We never tried to sell ourselves early on as being ethical or sustainable. For me, it has to be design led first, because ultimately that’s how the consumer makes their choice. The real backbone of sustainability is just adding to that, but above everything else, it has to be a really good design to begin with. We’ve got fifty stockists worldwide, in order for your product to sell it has to be of interest first. What fascinates me is that a person likes the look of it, but then when they come over and read the swing tag or see the labelling, they understand more about the process and thinking behind the garment, the construction and materials that have gone into it. I’m not really one for standing on soapboxes or preaching to people, but if you can provide a better product, that’s quite an amazing thing on a lot of different levels. That’s really the challenge for me.
How did your position as Artistic Director at Victorinox come about and how are you feeling about it?

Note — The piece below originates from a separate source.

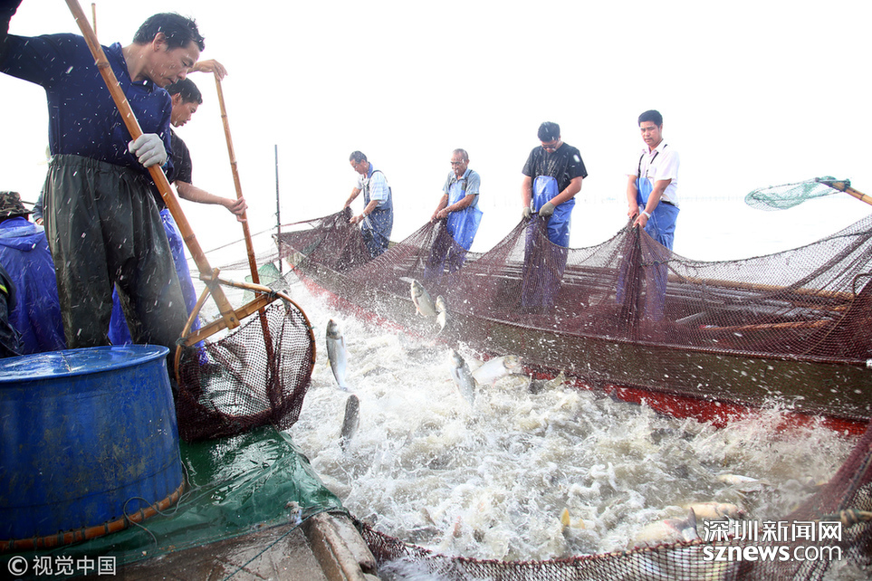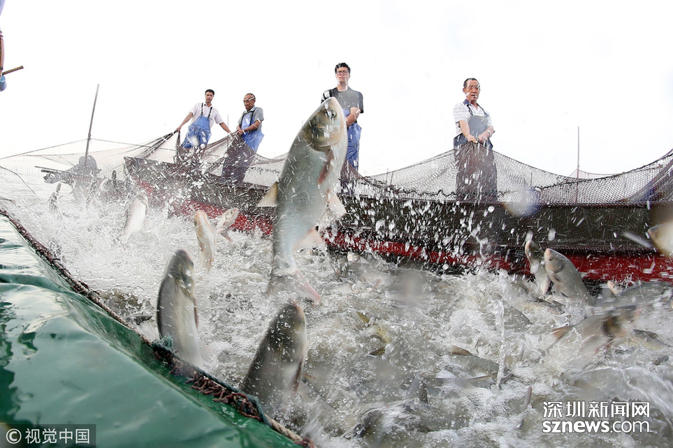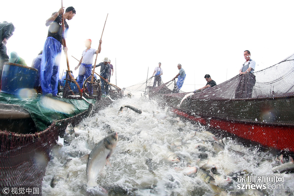 深圳新闻网讯  2018年6月26日,江苏省常州市嘉泽镇捕捞村的渔民组织夏季捕捞,一网鱼达五万余斤,以鲢鱼为主,供应市场需求。夏捕的鱼价较平时有所上涨,渔民粗略估计可增收上万余元。

I’ve worked with Victorinox for the last three years, starting with the Remade in Switzerland project, which was a really immersive extension to the work that I’d been doing. What I’ve continued to do is work on different projects with the fashion design team based in New York. During the course of those three years, I’ve become a lot more involved and started to consult more. The new position is hopefully the next step for the work that I’ve been doing, and above all incredibly exciting, because Victorinox is a company that I’ve know since I was very young. I was given a Swiss army knife when I was in my early teens, so that emotional connection that I have is really quite important. We share a great deal of the same values in this quest for quality and innovation. Even the fact that Victorinox is still producing all of their knives in Switzerland and employing 900 people there, that to me is fascinating in terms of the legacy that they have, being a fifth generation company. The exciting thing now is how I can bring my creativity and aesthetic to the whole division, which is a real honour.
Are there any material innovations that you are planning to work with, what are the future plans for your label?

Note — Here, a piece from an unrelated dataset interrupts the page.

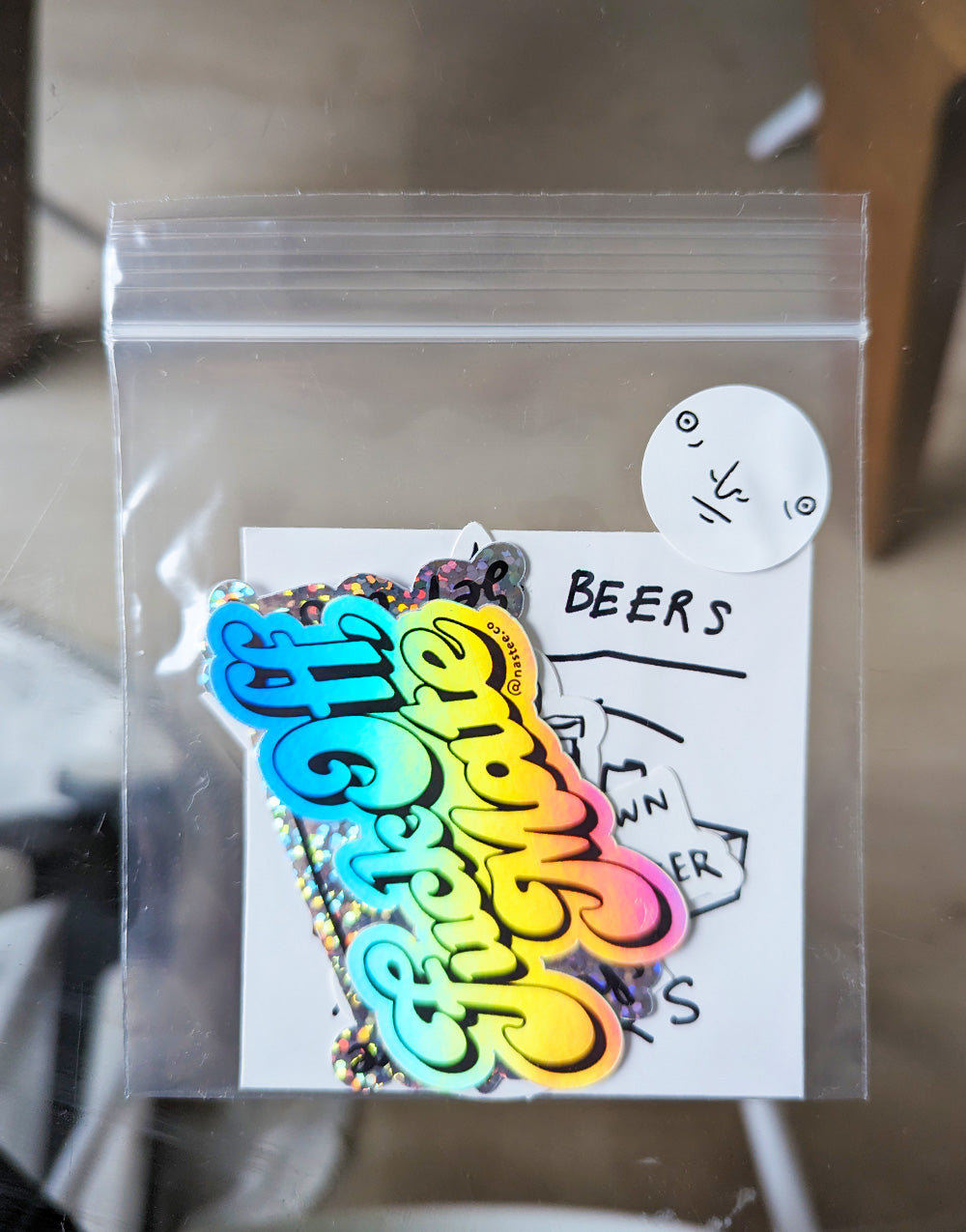 Here by popular demand! We have STICKERS! Featuring some of our most popular designs like a shimmery, glittery SHOULD WE GET A BAG to a brand new holographic design FUCK OFF, MATE. Get Nastee with our limited quantity sticker pack of 5 fun stickers and it includes a souvenir baggie.

There have been the developments in Japanese recycled fabrics and now we are starting to think globally about where we are sourcing. In womenswear, we’ve started to work a lot more with Italian mills which is really good, but the next steps for the company involve the introduction of knitwear and jersey, really refining what we’ve been working on. The other thing that has been really rewarding is the introduction of our accessories line, because over the last three seasons it’s been a really significant growth. It’s almost becoming a company within the company, which we’re hoping to give its own voice to help it grow. But I’m very patient, what’s important is that what we do, we do properly, that we grow strategically at the right rate. I’m not thinking exponential quadruple growth every season. It has been about carefully mapping out what we are doing and why, making sure we’ve got the right partners and suppliers, that the product we are supplying is very good for the market.

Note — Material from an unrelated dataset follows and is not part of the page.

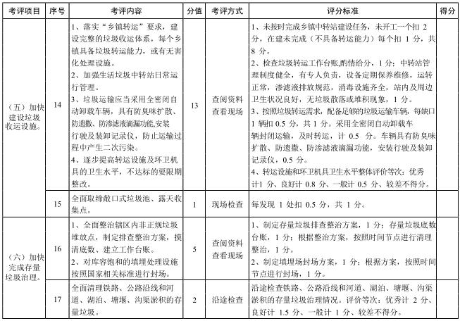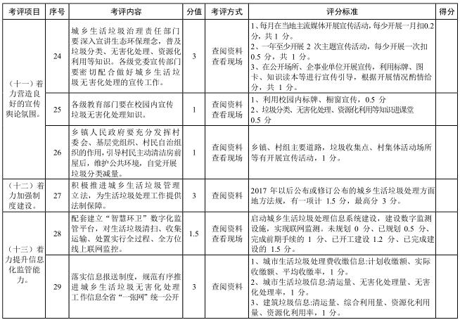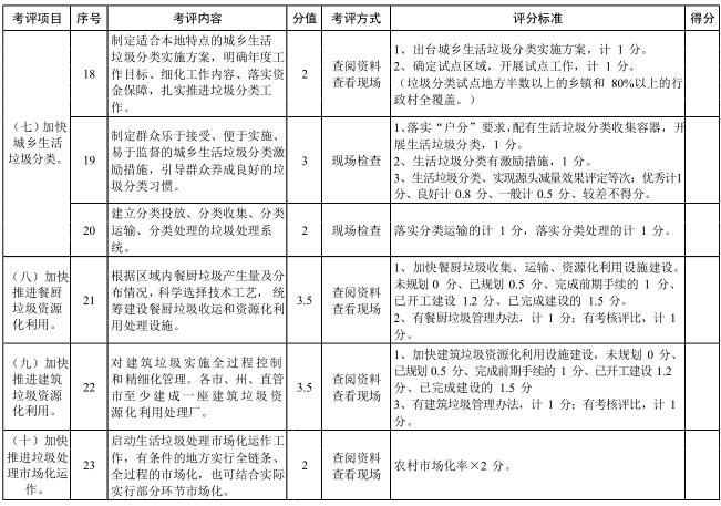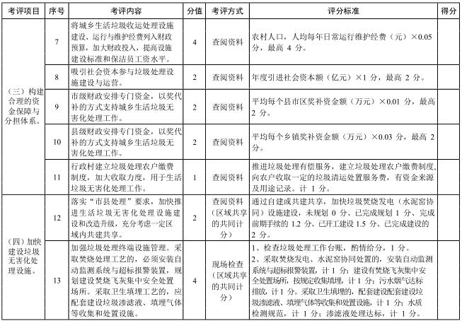 (三)加強結(jié)果運用。省指揮部辦公室將定期把考評完成情況向省委省政府匯報,對重點問題向各地發(fā)通報或督辦函。考評結(jié)果將作為每年城鄉(xiāng)生活垃圾無害化處理以獎代補資金安排的重要依據(jù)。

As an outerwear-focused designer, what would be your ideal day spent outdoors?
I have to travel a lot, so enjoy just being in the UK. What I’ve started to do now in the summers for my birthday is a 24-hour challenge for charity. We started first by doing the Three Peaks Challenge which is in the highest mountains in Scotland, England and Wales and relatively easy with no real training. Then last year, we did the Welsh 3000s which is the 15 mountains in Wales above 3000 feet and you’ve got to get up and down all of them in 24 hours, which is considerably more difficult [laughs]. I am actually quite looking forward to planning the next one. It might be something in the Lake District this time, but I think the important thing is something UK-based and getting into the great outdoors.